Polymer Brushes Exhibiting Versatile Supramolecular Interactions Grown by Nitroxide-Mediated Polymerization and Structured via Microcontact Chemistry

Abstract

Functionalization of metal, glass, and semiconductor substrates with polymers and nanoparticles is a key challenge for surface-based material science. Such substrates have the potential to find widespread application in optical and electronic devices, microarrays, and materials for information storage. We report site-specific immobilization of nitroxide-mediated polymerization initiators via microcontact chemistry employing thiol–ene click chemistry on glass-supported alkene-terminated self-assembled monolayers. The polymer initiator covered substrates are used for preparation of poly(styrene) and poly(acrylate) brushes with defined and tunable brush thicknesses.
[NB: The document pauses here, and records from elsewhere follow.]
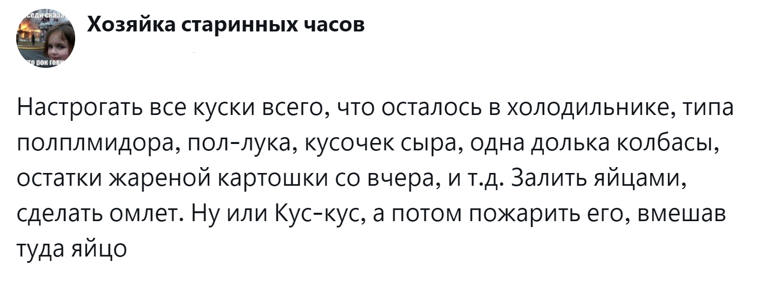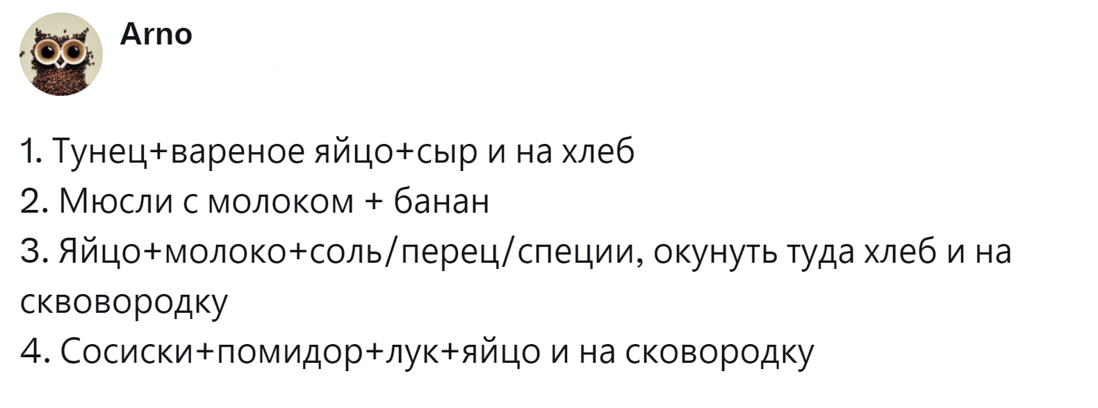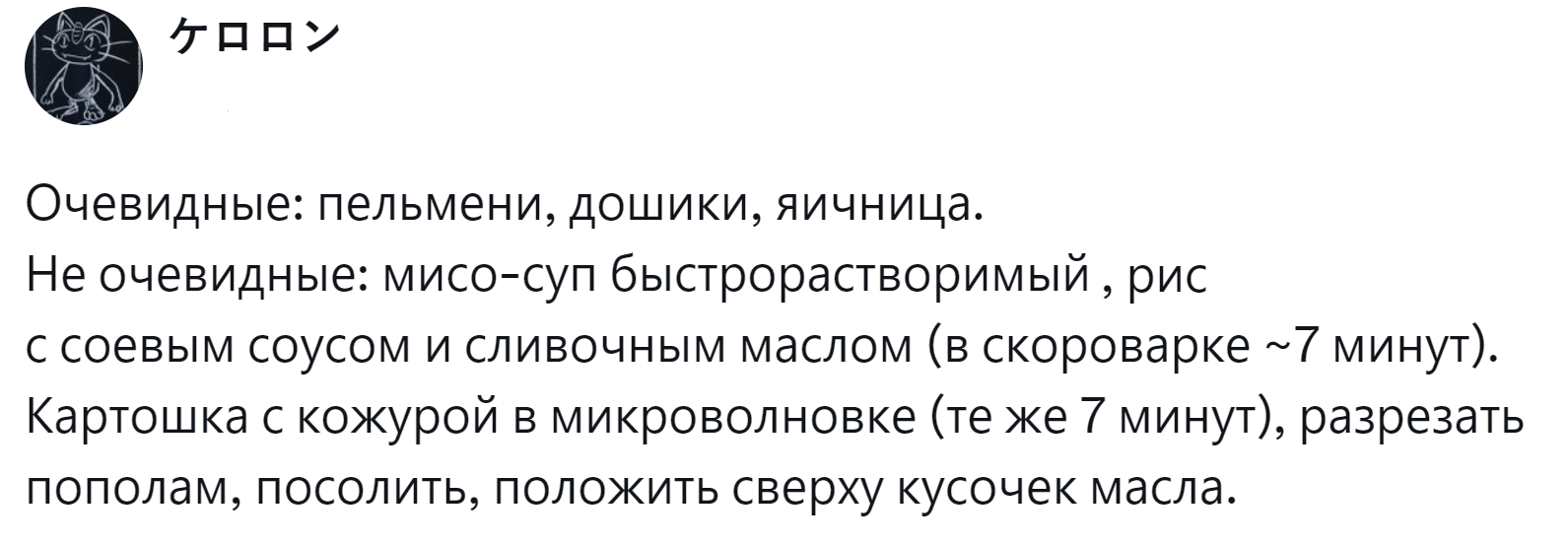 Чтобы соорудить что-то подобное, обычно уходит масса времени. Но практически у каждого есть в запасе пара-тройка рецептов секретных блюд-десяти- или даже пятиминуток, которые позволяют соорудить что-то более или менее внятное, когда времени кашеварить совершенно нет. Пользователи рассекретили свои тайные рецепты. Некоторые оказались неожиданными, но вполне себе имеющими право на существование.
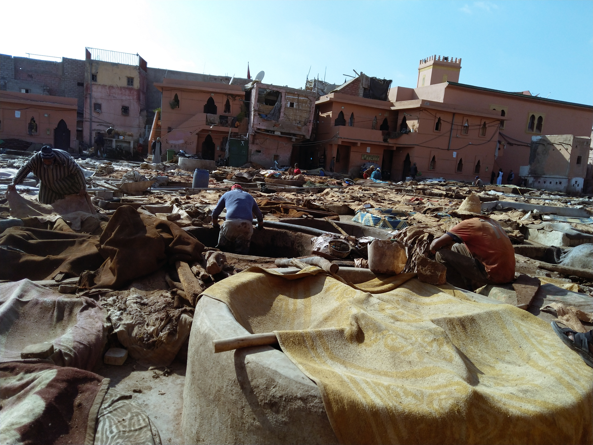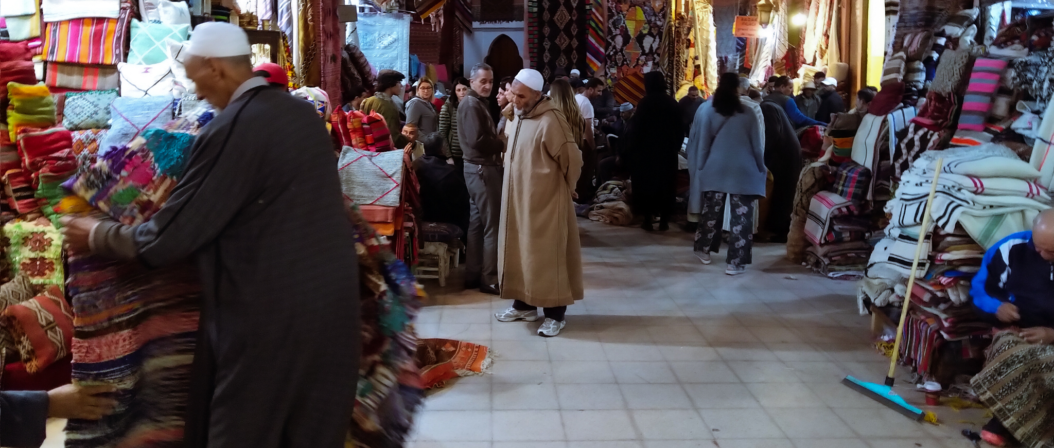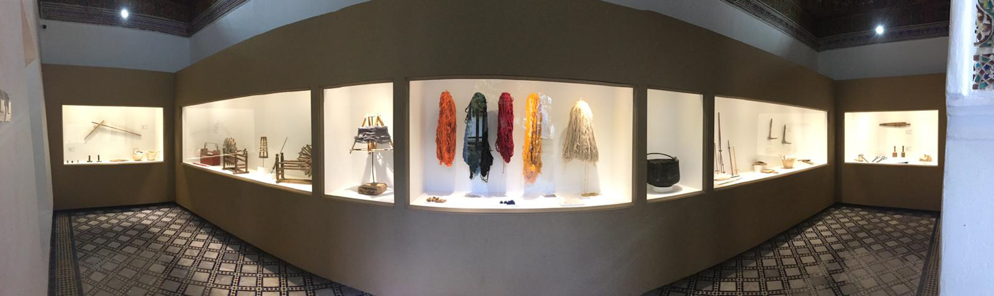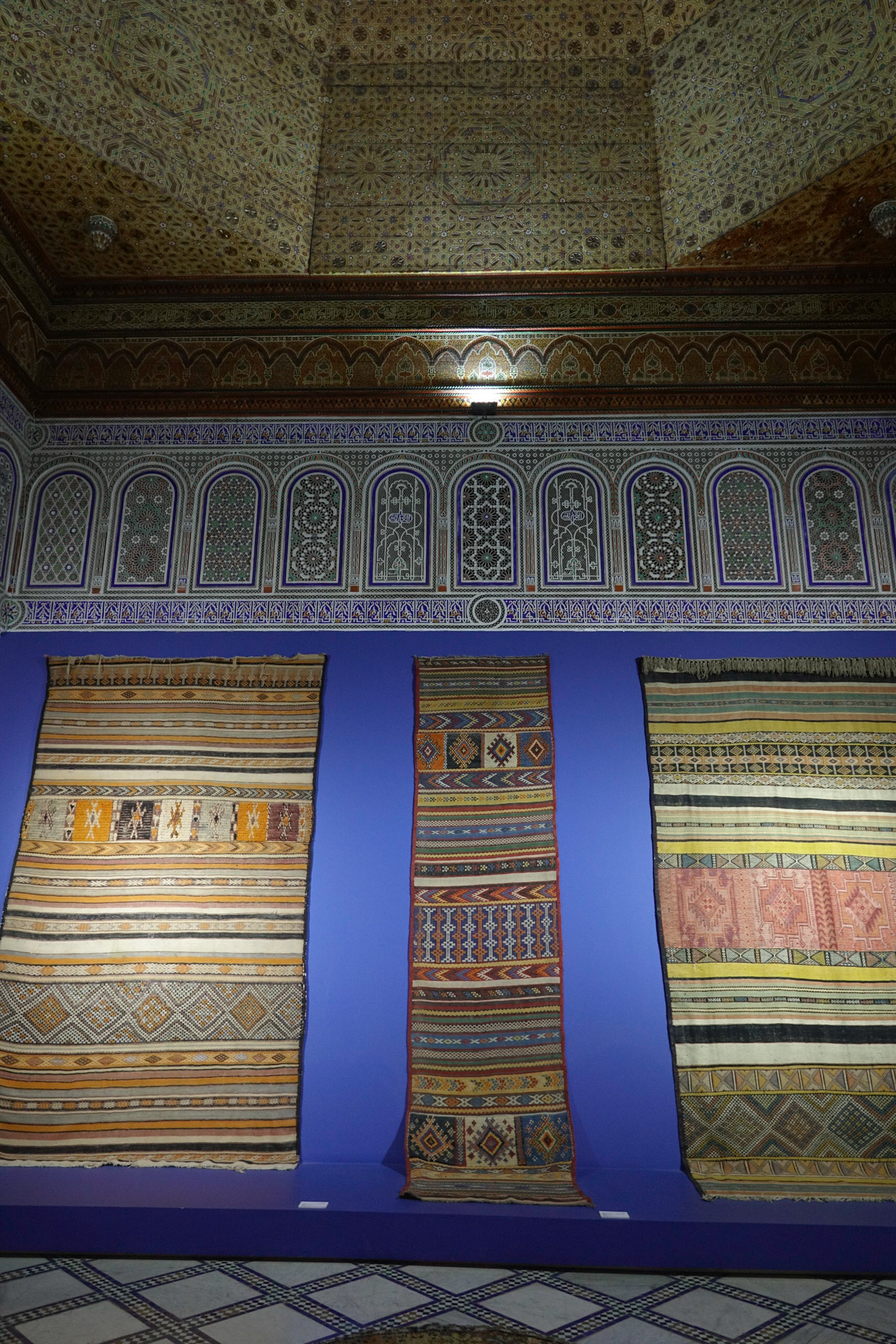 The first day of December – meteorologically speaking, the beginning of winter – is indeed a bit chillier than the two preceding days, which had been sunny and warm. Some locals assume we’ll want to visit the leather tanneries, since today is the day of the week that the Berber people come from the mountains to work on the cow hides, rather than the city Arabs who work on goat hides on the other days of the week. Once there, we get a guide, who seems a bit in a hurry, although we do get a close up view and an explanation of the tanneries. At the end, the guide of course drops us off at a leather goods shop, where the shopkeeper ofcourse demands unrealistic prices for his goods. After already having bought some spices at inflated prices, we aren’t game, so the guide will have to be paid by us rather than receive a commission from the shopkeeper. After a walk through a residential part of the medina – during which we rescue a hopelessly lost elderly Belgian couple – we visit the Moroccan Carpet and Textile museum in the Dar Si Saïd palace. It belonged to the brother of the Grand Vizier (basically a prime minister to the Sultan) who built La Bahia. Dar Si Saïd is smaller than La Bahia, but at least as beautiful, and much, much calmer. The museum does a great job of showing the process of carpet and textile making, and the different styles of carpets.
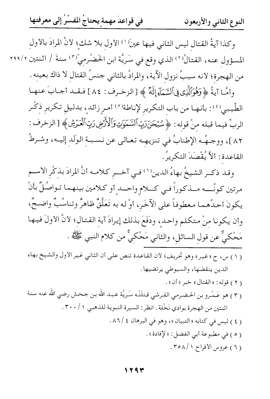 وكذا آية القتال ليس الثاني فيها عين الأول بلا شك لأن المراد بالأول المسؤول عنه القتال الذي وقع في سرية ابن الحضرمي سنة اثنتين من الهجرة لأنه سبب نزول الآية والمراد بالثاني جنس القتال لا ذاك بعينه وأما آية { وهو الذي في السماء إله } فقد أجاب عنها الطيبي أنها من باب التكرير لإفادة أمر زائد بدليل تكرير ذكر الرب فيما قبله من قوله { سبحان رب السماوات والأرض رب العرش } ووجهه الأطناب في تنزيهه تعالى عن نسبة الولد إليه وشرط القاعدة ألا يقصد التكرير
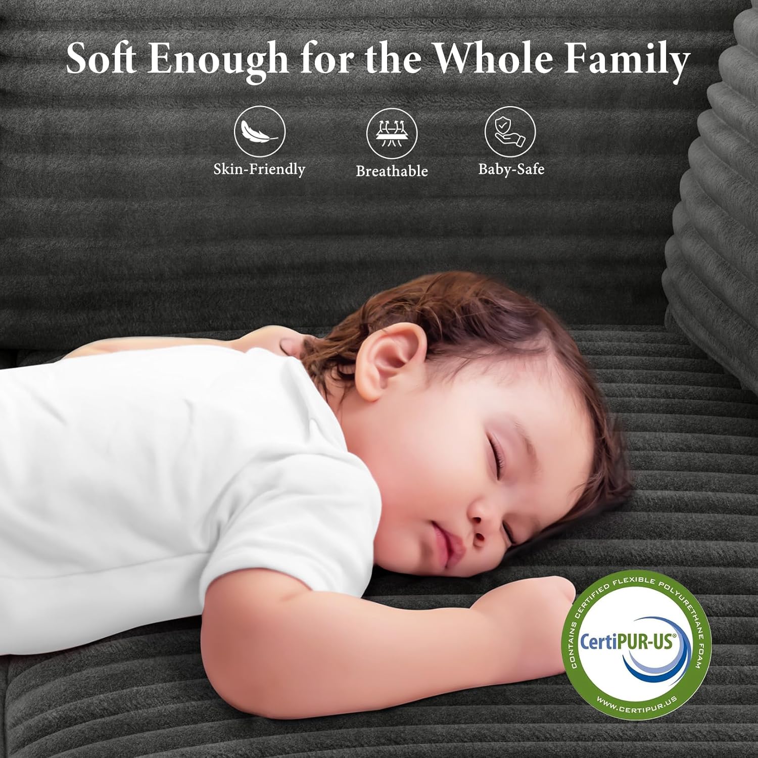 - Available in 6 Color Options: Two premium fabrics include plush corduroy couch and luxurious chenille couch—both offering exceptional comfort, lasting durability, and easy upkeep. These skin-friendly, pet-resistant materials withstand scratching while maintaining their softness, perfect for families with children and pets. For added convenience, the removable throw pillow covers and back cushion covers are machine-washable, effortlessly blending style with practicality—ideal for anyone seeking a fresh, low-maintenance sectional couches for living room
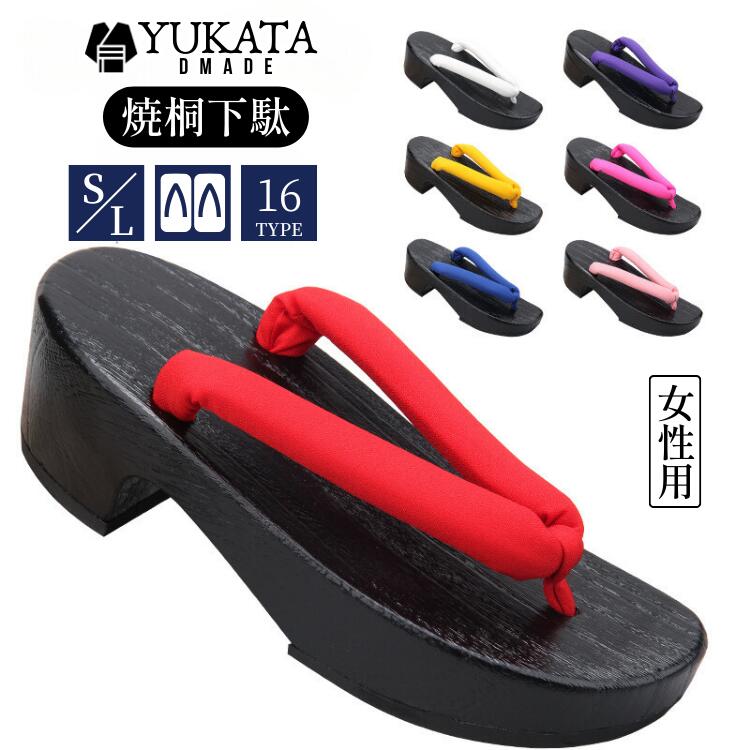 下駄 レディース 厚底 焼き桐下駄 5 レディースファッション 豊富 S(23cm) M(24cm) L(25cm) 茶-白 茶-赤 茶-桃 茶-黒 茶-黄 茶-青 茶-バラ 茶-紫 黒-白 黒-赤 黒-桃 黒-黒 黒-黄 黒-青 黒-バラ 黒-紫
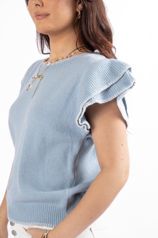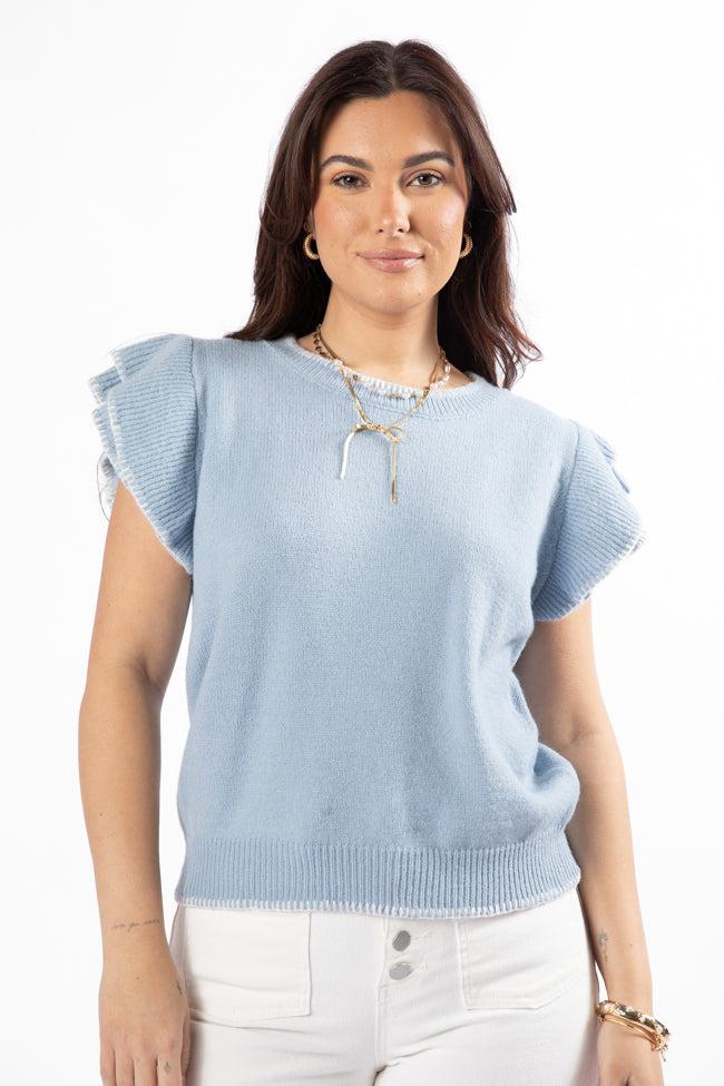 Details Flutter Sleeve Stitched Detail Sweater Light Blue Fabric has stretch Crew neckline, flutter sleeves, embroidered hem, ribbed hem Unlined Size small from shoulder to hem: 21.5" Material and Care 39% acrylic 31% polyester 30% nylon Hand wash cold, lay flat to dry Patterns may vary Materials may have natural variations Colors may vary from different viewing devices.
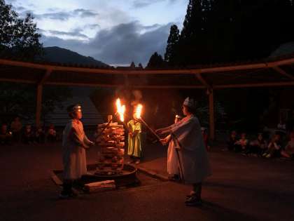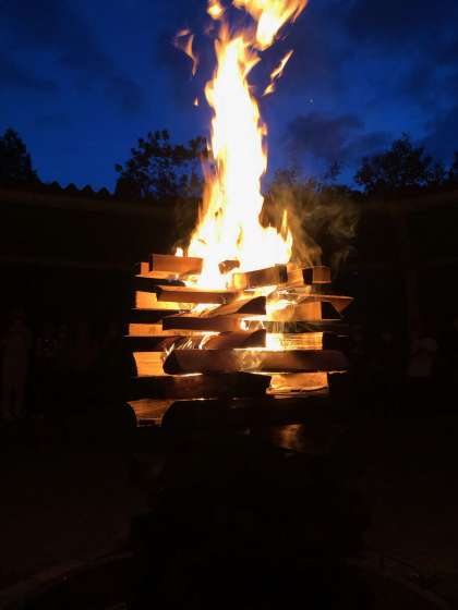 炎が天高く舞い上がります
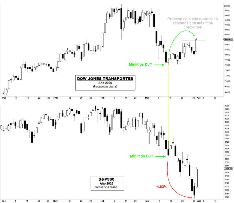 Desde esa fecha, el DOW JONES TRANSPORTES ha construido un rebote con máximos crecientes, mientras que el SP500 ha caído un 4,6%, generando una clara divergencia alcista a favor del Dow.
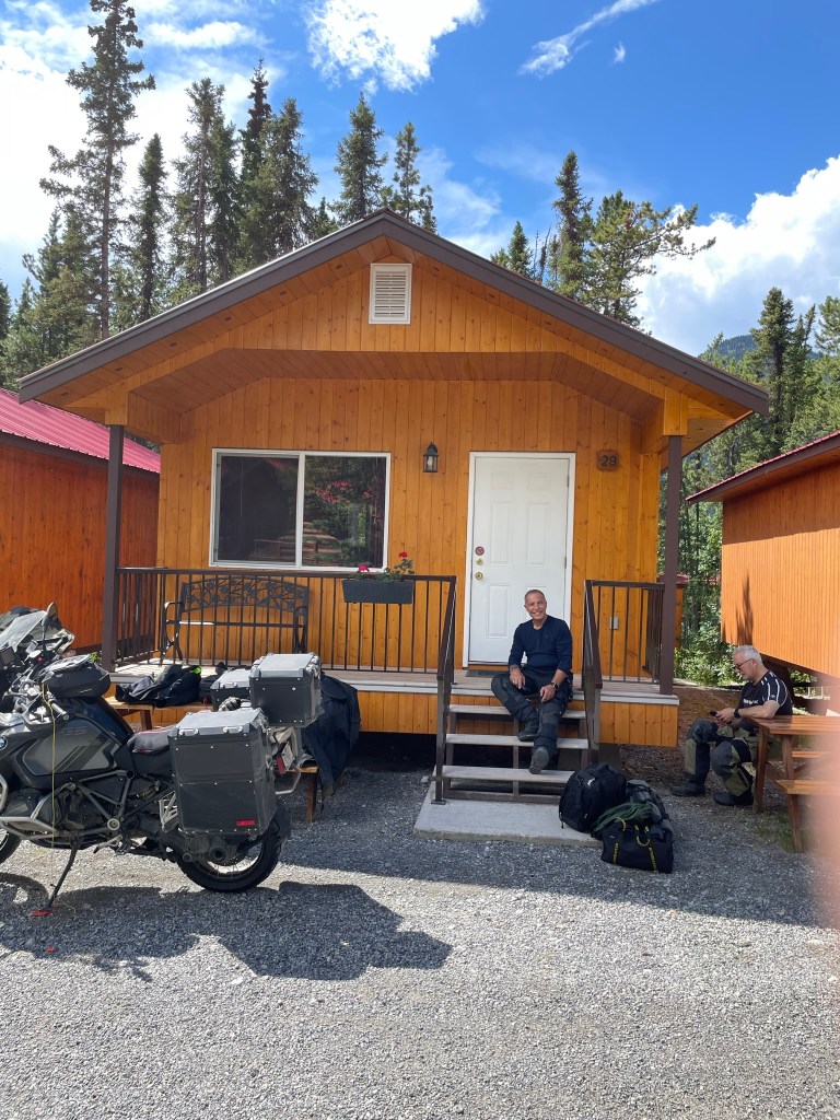 We leave Muncho Lake talking about distance for the day. We can push on to Whitehorse, and have a day completely off the bikes on Sunday, or just split the difference with two lighter days. We have to hold in Whitehorse to change tires for the gravel roads ahead, and the dealership opens Monday. We decide to push to Whitehorse, and are treated to an accommodating front desk person, a large room and a day off. Laundry, walking and relaxing are in order. Of course, even rest days include stretching and exercising. When you have as many years behind you as we each have, you must ward off the gremlins before they take hold. Total miles: 4780
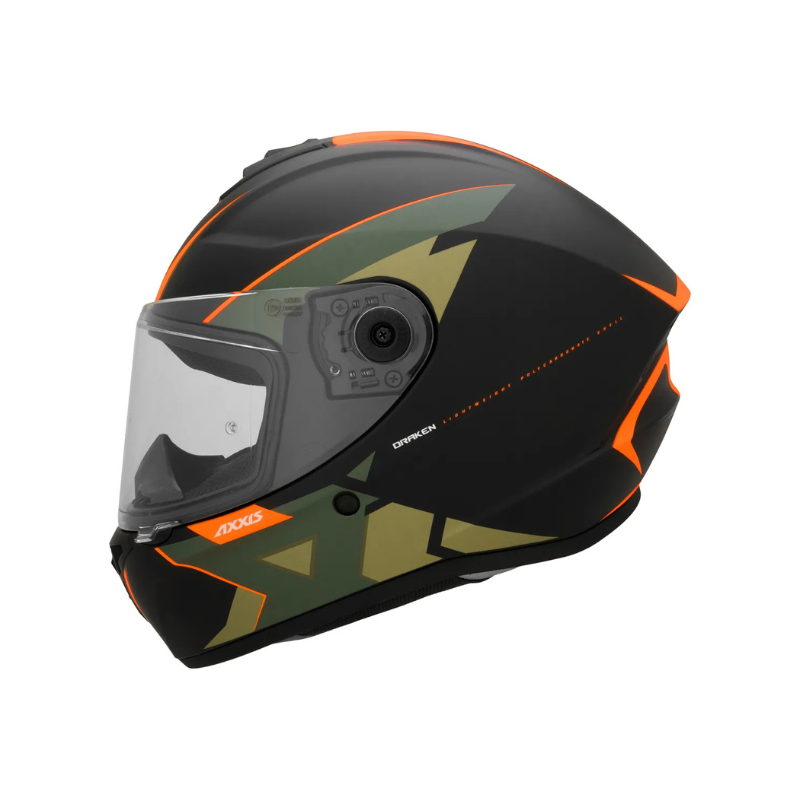 La marca Axxis Helmets muestra su pronunciado espíritu innovador y dinámico presentando el casco de moto integral Axxis Draken Incorpora su nueva pantalla MT-V-18C de 2.2 mm de grosor, que garantiza un amplio campo de visión durante la conducción. Pantalla fabricada en policarbonato óptico antirrayaduras con mecanismo de liberación rápido y sencillo de utilizar, incluso con los guantes puestos. Pinlok Maxvision (No incluido).

Brush thickness dependent site-specific protein adsorption of streptavidin and concanavalin A on structured polystyrene brushes is reported. Poly(styrene) brushes with a thickness of 40 nm or larger showed protein repellence whereas brushes below 15 nm thickness reveal protein adhesive properties. We also disclose the site selective host–guest assisted immobilization of β-cyclodextrin-coated silica nanoparticles and the tethering of liposomes modified with amphiphilic β-cyclodextrin onto adamantane-functionalized poly(acrylate) brushes. Selective immobilization of these supramolecular colloids via the multivalent hydrophobic inclusion complex of β-cyclodextrin and adamantane can be readily verified by fluorescence microscopy imaging, atomic force microscopy, and quartz crystal microbalance with dissipation monitoring.